Task description » Every record is to be transcribed exactly as written.
[[ Record set, beginning ]]
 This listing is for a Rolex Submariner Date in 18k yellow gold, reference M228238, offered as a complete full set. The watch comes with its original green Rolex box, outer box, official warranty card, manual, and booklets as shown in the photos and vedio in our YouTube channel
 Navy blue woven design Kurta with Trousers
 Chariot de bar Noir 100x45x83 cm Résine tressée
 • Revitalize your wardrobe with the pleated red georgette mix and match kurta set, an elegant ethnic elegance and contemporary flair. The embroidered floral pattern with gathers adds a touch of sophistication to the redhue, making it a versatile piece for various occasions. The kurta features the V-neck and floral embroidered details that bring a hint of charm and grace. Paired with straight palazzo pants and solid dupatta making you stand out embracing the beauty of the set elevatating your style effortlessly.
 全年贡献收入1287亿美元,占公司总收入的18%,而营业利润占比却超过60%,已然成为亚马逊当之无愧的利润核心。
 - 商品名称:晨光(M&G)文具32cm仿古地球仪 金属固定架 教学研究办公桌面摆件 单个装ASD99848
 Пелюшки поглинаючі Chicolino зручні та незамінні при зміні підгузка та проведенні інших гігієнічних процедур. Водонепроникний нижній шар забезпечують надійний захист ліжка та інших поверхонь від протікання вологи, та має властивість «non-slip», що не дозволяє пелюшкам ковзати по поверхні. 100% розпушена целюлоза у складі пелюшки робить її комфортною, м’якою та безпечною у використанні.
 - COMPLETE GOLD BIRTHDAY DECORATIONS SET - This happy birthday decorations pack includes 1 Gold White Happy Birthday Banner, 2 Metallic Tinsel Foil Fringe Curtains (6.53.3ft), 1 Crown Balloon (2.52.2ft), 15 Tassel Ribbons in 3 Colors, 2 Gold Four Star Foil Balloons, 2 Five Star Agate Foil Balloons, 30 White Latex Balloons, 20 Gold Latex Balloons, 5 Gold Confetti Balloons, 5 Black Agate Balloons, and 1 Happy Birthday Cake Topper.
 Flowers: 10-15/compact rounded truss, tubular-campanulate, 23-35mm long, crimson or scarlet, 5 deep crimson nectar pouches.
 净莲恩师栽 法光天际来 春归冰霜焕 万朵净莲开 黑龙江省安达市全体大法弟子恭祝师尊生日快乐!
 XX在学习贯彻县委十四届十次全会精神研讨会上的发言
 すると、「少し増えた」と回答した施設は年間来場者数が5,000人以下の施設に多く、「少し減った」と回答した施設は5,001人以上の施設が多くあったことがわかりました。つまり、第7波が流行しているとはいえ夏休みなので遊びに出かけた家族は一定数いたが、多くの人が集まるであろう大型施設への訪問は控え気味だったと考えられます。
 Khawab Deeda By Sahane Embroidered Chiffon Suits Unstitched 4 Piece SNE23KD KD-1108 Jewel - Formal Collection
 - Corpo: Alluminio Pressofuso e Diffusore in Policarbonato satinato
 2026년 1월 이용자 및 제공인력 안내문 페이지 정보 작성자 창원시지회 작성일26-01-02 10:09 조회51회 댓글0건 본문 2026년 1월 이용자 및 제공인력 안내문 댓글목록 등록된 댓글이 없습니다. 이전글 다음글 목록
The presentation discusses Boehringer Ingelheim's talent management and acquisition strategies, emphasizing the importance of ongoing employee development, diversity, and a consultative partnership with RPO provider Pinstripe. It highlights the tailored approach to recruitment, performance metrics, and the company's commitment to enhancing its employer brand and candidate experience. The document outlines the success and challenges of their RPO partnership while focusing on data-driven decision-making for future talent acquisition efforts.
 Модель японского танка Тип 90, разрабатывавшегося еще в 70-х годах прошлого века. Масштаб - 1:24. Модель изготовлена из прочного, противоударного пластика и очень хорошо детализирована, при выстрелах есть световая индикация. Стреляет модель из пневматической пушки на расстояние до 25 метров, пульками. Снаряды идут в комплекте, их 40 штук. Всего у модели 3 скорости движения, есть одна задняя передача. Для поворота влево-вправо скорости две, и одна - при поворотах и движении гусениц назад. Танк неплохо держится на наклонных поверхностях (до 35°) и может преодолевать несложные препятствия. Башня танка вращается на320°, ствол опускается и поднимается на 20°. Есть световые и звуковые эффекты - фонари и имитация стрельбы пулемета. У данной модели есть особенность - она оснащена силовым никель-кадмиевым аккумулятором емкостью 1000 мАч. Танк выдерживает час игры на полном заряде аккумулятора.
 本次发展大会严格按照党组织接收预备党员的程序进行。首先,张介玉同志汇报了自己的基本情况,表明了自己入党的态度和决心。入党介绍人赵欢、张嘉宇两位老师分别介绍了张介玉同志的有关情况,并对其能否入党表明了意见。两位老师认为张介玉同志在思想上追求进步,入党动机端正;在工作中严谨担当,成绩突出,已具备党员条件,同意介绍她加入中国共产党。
[[ Record set, end ]]
Answer below »
 This listing is for a Rolex Submariner Date in 18k yellow gold, reference M228238, offered as a complete full set. The watch comes with its original green Rolex box, outer box, official warranty card, manual, and booklets as shown in the photos and vedio in our YouTube channel
 Navy blue woven design Kurta with Trousers
 Chariot de bar Noir 100x45x83 cm Résine tressée
 • Revitalize your wardrobe with the pleated red georgette mix and match kurta set, an elegant ethnic elegance and contemporary flair. The embroidered floral pattern with gathers adds a touch of sophistication to the redhue, making it a versatile piece for various occasions. The kurta features the V-neck and floral embroidered details that bring a hint of charm and grace. Paired with straight palazzo pants and solid dupatta making you stand out embracing the beauty of the set elevatating your style effortlessly.
 全年贡献收入1287亿美元,占公司总收入的18%,而营业利润占比却超过60%,已然成为亚马逊当之无愧的利润核心。
 - 商品名称:晨光(M&G)文具32cm仿古地球仪 金属固定架 教学研究办公桌面摆件 单个装ASD99848
 Пелюшки поглинаючі Chicolino зручні та незамінні при зміні підгузка та проведенні інших гігієнічних процедур. Водонепроникний нижній шар забезпечують надійний захист ліжка та інших поверхонь від протікання вологи, та має властивість «non-slip», що не дозволяє пелюшкам ковзати по поверхні. 100% розпушена целюлоза у складі пелюшки робить її комфортною, м’якою та безпечною у використанні.
 - COMPLETE GOLD BIRTHDAY DECORATIONS SET - This happy birthday decorations pack includes 1 Gold White Happy Birthday Banner, 2 Metallic Tinsel Foil Fringe Curtains (6.53.3ft), 1 Crown Balloon (2.52.2ft), 15 Tassel Ribbons in 3 Colors, 2 Gold Four Star Foil Balloons, 2 Five Star Agate Foil Balloons, 30 White Latex Balloons, 20 Gold Latex Balloons, 5 Gold Confetti Balloons, 5 Black Agate Balloons, and 1 Happy Birthday Cake Topper.
 Flowers: 10-15/compact rounded truss, tubular-campanulate, 23-35mm long, crimson or scarlet, 5 deep crimson nectar pouches.
 净莲恩师栽 法光天际来 春归冰霜焕 万朵净莲开 黑龙江省安达市全体大法弟子恭祝师尊生日快乐!
 XX在学习贯彻县委十四届十次全会精神研讨会上的发言
 すると、「少し増えた」と回答した施設は年間来場者数が5,000人以下の施設に多く、「少し減った」と回答した施設は5,001人以上の施設が多くあったことがわかりました。つまり、第7波が流行しているとはいえ夏休みなので遊びに出かけた家族は一定数いたが、多くの人が集まるであろう大型施設への訪問は控え気味だったと考えられます。
 Khawab Deeda By Sahane Embroidered Chiffon Suits Unstitched 4 Piece SNE23KD KD-1108 Jewel - Formal Collection
 - Corpo: Alluminio Pressofuso e Diffusore in Policarbonato satinato
 2026년 1월 이용자 및 제공인력 안내문 페이지 정보 작성자 창원시지회 작성일26-01-02 10:09 조회51회 댓글0건 본문 2026년 1월 이용자 및 제공인력 안내문 댓글목록 등록된 댓글이 없습니다. 이전글 다음글 목록
The presentation discusses Boehringer Ingelheim's talent management and acquisition strategies, emphasizing the importance of ongoing employee development, diversity, and a consultative partnership with RPO provider Pinstripe. It highlights the tailored approach to recruitment, performance metrics, and the company's commitment to enhancing its employer brand and candidate experience. The document outlines the success and challenges of their RPO partnership while focusing on data-driven decision-making for future talent acquisition efforts.
 Модель японского танка Тип 90, разрабатывавшегося еще в 70-х годах прошлого века. Масштаб - 1:24. Модель изготовлена из прочного, противоударного пластика и очень хорошо детализирована, при выстрелах есть световая индикация. Стреляет модель из пневматической пушки на расстояние до 25 метров, пульками. Снаряды идут в комплекте, их 40 штук. Всего у модели 3 скорости движения, есть одна задняя передача. Для поворота влево-вправо скорости две, и одна - при поворотах и движении гусениц назад. Танк неплохо держится на наклонных поверхностях (до 35°) и может преодолевать несложные препятствия. Башня танка вращается на320°, ствол опускается и поднимается на 20°. Есть световые и звуковые эффекты - фонари и имитация стрельбы пулемета. У данной модели есть особенность - она оснащена силовым никель-кадмиевым аккумулятором емкостью 1000 мАч. Танк выдерживает час игры на полном заряде аккумулятора.
 本次发展大会严格按照党组织接收预备党员的程序进行。首先,张介玉同志汇报了自己的基本情况,表明了自己入党的态度和决心。入党介绍人赵欢、张嘉宇两位老师分别介绍了张介玉同志的有关情况,并对其能否入党表明了意见。两位老师认为张介玉同志在思想上追求进步,入党动机端正;在工作中严谨担当,成绩突出,已具备党员条件,同意介绍她加入中国共产党。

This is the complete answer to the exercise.